We continue to think that mlx5ctl is reasonable and aligned with the
greater kernel community values. People have pointed to the HW RAID
miscdevices as a good analog. The MD developers did not get to block HW
RAID configuration on the basis that it undermines their work on the
software RAID stack. Further, while there is a superficial similarity to
the DRM/accel debate, that was grounded in a real concern that DRM values
on open source would be bypassed. That argument does not hold up here as
this does come with open source userspace and the functionality mlx5ctl
enables on lockdown has always been available to ConnectX users through
the non-lockdown PCI sysfs. netdev has been doing just fine despite the
long standing presence of this tooling and we have continued to work with
Jakub on building common APIs when appropriate. mlx5 already implements
a wide range of the netdev common interfaces, many of which were pushed
forward by our staff - the DPLL configuration netlink being a recent
example.

Version history:
================
V3: https://lore.kernel.org/all/20231121070619.9836-1-saeed@xxxxxxxxxx/#r
V2: https://lore.kernel.org/all/20231119092450.164996-1-saeed@xxxxxxxxxx/#r
V1: https://lore.kernel.org/all/20231018081941.475277-1-saeed@xxxxxxxxxx/#r

V3->V4:
- Document locking scheme for device lifecycle
- Document reserved bits will always be checked for 0 by driver
- Use GFP_KERNEL instead of ACCOUNT for short lived buffers
- Create sysfs link to parent device under the misc device's sysfs
- Remove unnecessary device name from info ioctl output
- Remove reserved and future flags fields from ioctls
- Precise size checking for ioctl user input.

V2->V3:
- Fix bad Sign-off line.
- Fix kernel robot warnings, define a user ptr arg for umem_unreg ioctl
instead of plain integer to simplify compat_ioctl usage.

V1->V2:
- Provide legal statement and sign-off for dual license use
- Fix License clause to use: BSD-3-Clause OR GPL-2.0
- Fix kernel robot warnings
- Use dev_dbg directly instead of umem_dbg() local wrapper
- Implement .compat_ioctl for 32bit compatibility
- Fix mlx5ctl_info ABI structure size and alignment
- Local pointer to correct type instead of in-place cast
- Check unused fields and flags are 0 on ioctl path
- Use correct macro to declare scalar arg ioctl command
#define MLX5CTL_IOCTL_UMEM_UNREG \
_IO(MLX5CTL_IOCTL_MAGIC, 0x3)

mlx5 ConnectX control misc driver:
==================================

The ConnectX HW family supported by the mlx5 drivers uses an architecture
where a FW component executes "mailbox RPCs" issued by the driver to make
changes to the device. This results in a complex debugging environment
where the FW component has information and low level configuration that
needs to be accessed to userspace for debugging purposes.

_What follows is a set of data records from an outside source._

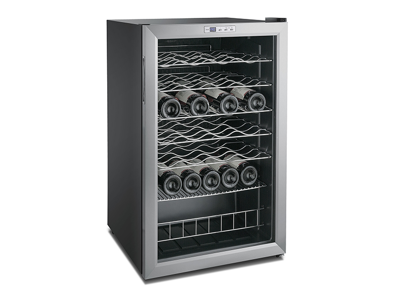 This spacious wine cooler provides temperature-controlled storage for up to 48 bottles using an energy efficient compressor cooling system.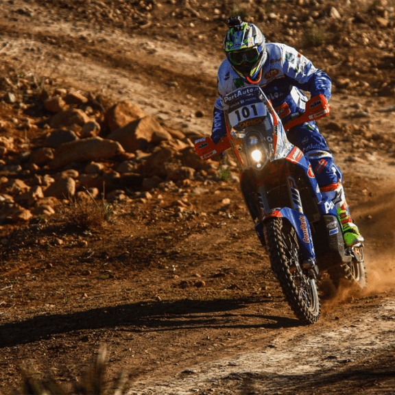 Jacopo Cerutti a mené l’Aprilia Tuareg sur la première marche du podium de l’Africa Eco Race 2023 catégorie +700 bicylindre,...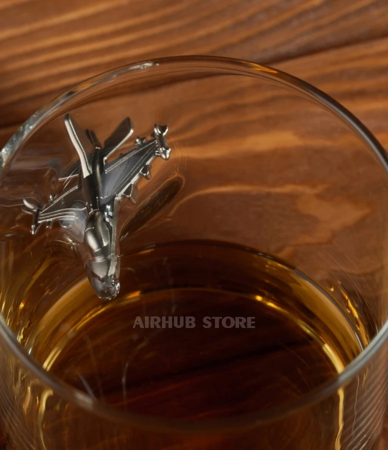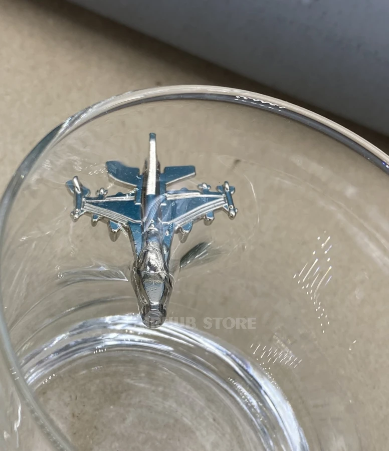 The uniqueness of this glass is that the plane is built into the glass without any damage or loss of tightness. This creates a unique effect and attracts the attention of those around. The Su-25 FrogFoot looks like it's flying through the sky right in the middle of your glass.

Historically a userspace program was used that accessed the PCI register
and config space directly through /sys/bus/pci/.../XXX and could operate
these debugging interfaces in parallel with the running driver.
This approach is incompatible with secure boot and kernel lockdown so this
driver provides a secure and restricted interface to that.

Patch breakdown:
================

1) The first patch in the series introduces the main driver file with the
implementation of a new mlx5 auxiliary device driver to run on top
mlx5_core device instances, on probe it creates a new misc device and in
this patch we implement the open and release fops, On open the driver
would allocate a special FW UID (user context ID) restricted to debug
RPCs only, where all user debug rpcs will be executed under this UID,
and on release the UID will be freed.

2) The second patch adds an info ioctl that will show the allocated UID
and the available capability masks of the device and the current UID, and
some other useful device information such as the underlying ConnectX

Example:
$ sudo ./mlx5ctlu mlx5_core.ctl.0
mlx5dev: 0000:00:04.0
UCTX UID: 1
UCTX CAP: 0x3
DEV UCTX CAP: 0x3
USER CAP: 0x1d

3) Third patch will add the capability to execute debug RPCs under the
special UID.

In the mlx5 architecture the FW RPC commands are of the format of
inbox and outbox buffers. The inbox buffer contains the command
rpc layout as described in the ConnectX Programmers Reference Manual
(PRM) document and as defined in linux/include/mlx5/mlx5_ifc.h.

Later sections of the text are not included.